For what it’s worth, his long-suffering (and, I suspect, all-knowing) wife is standing by her man. She’s his third….
Meanwhile, French President Nicolas Sarkozy is probably just as gratified as DSK’s silent victims by this arrest. After all, the consensus opinion among political pundits in France was that he was the only person who could deny Sarkozy’s bid to get reelected next year.
Frankly, no matter the disposition of his case, DSK is finished – not just as a candidate for the French presidency, but also as head of the IMF. Suggestions that he will be granted leniency by the court or (continued) indulgence by the IMF because of “the pivotal role” he was playing in dealing with the European financial crisis are plainly absurd. The man is hardly that indispensable.

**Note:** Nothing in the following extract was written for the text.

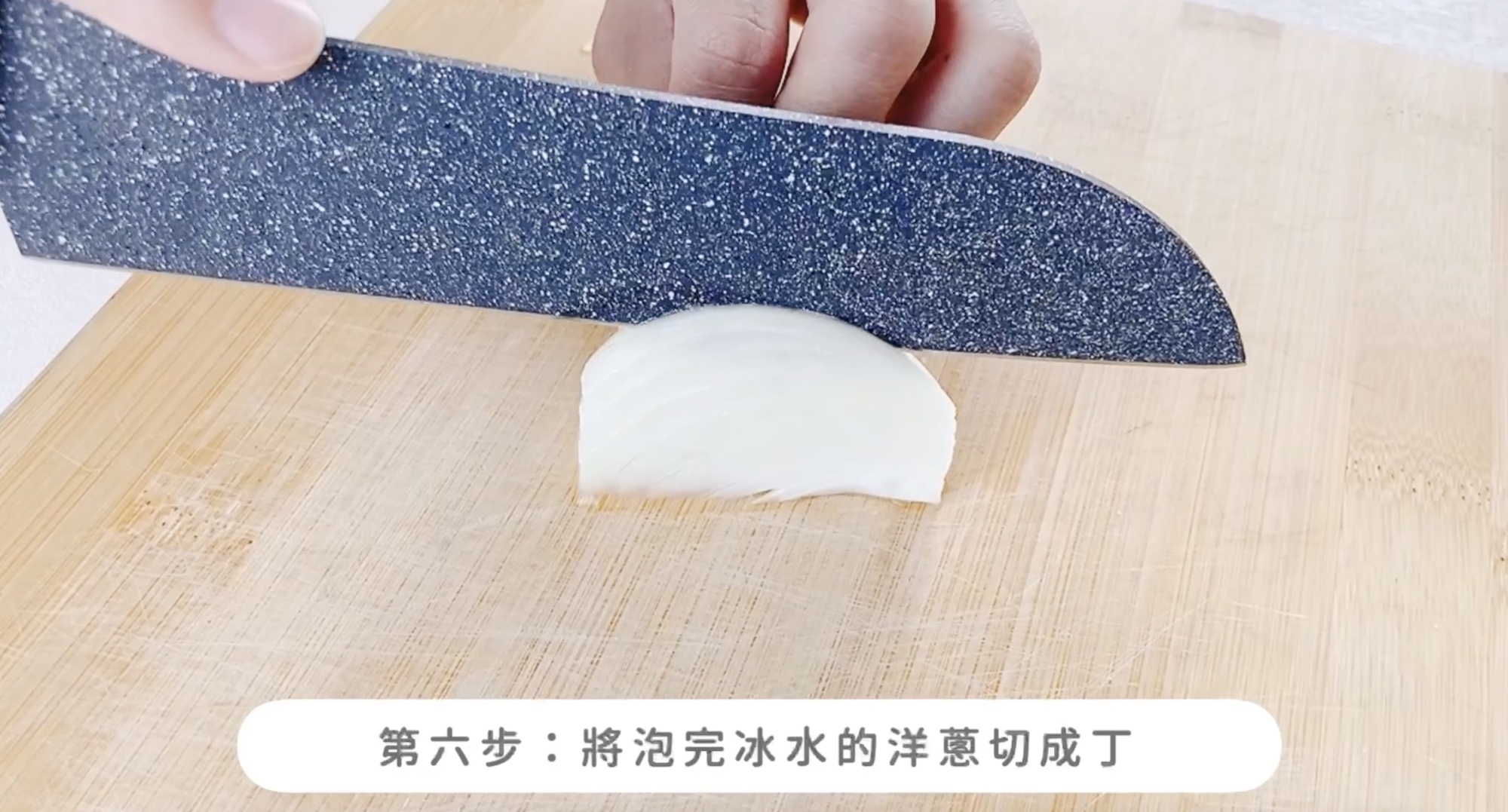 將泡在冰水中的洋蔥取出,並甩乾水後,切成丁狀

In point of fact, it must be dawning on him just how fleeting his power and influence are now that he’s being made to cool his heels in jail up in Harlem pending arraignment. And it would not surprise me if the IMF – which issued a statement today saying that all is “fully functioning and operational” – announces his suspension (or resignation) by the end of business tomorrow.
More important, though, his reputation as a serial sexual aggressor makes the maid’s complaint extremely credible. And since his character will be the central issue in this case, DSK’s lawyers will probably prevail upon him to cop a plea for a much-reduced sentence than the 25 years he’s facing. But they won’t have much leverage in plea negotiations if he squirted incriminating DNA anywhere on his victim’s body or clothes during his sexual assault … (sorry). If this case goes to trial, however, he’s toast….
That said, I guarantee that the episode featuring this alleged crime will be the highlight of the next season of Law & Order. And, take it from me, knowing the facts and circumstances involved will not diminish its entertainment value in the least.
* This commentary was published originally yesterday, Sunday, at 3:23 pm.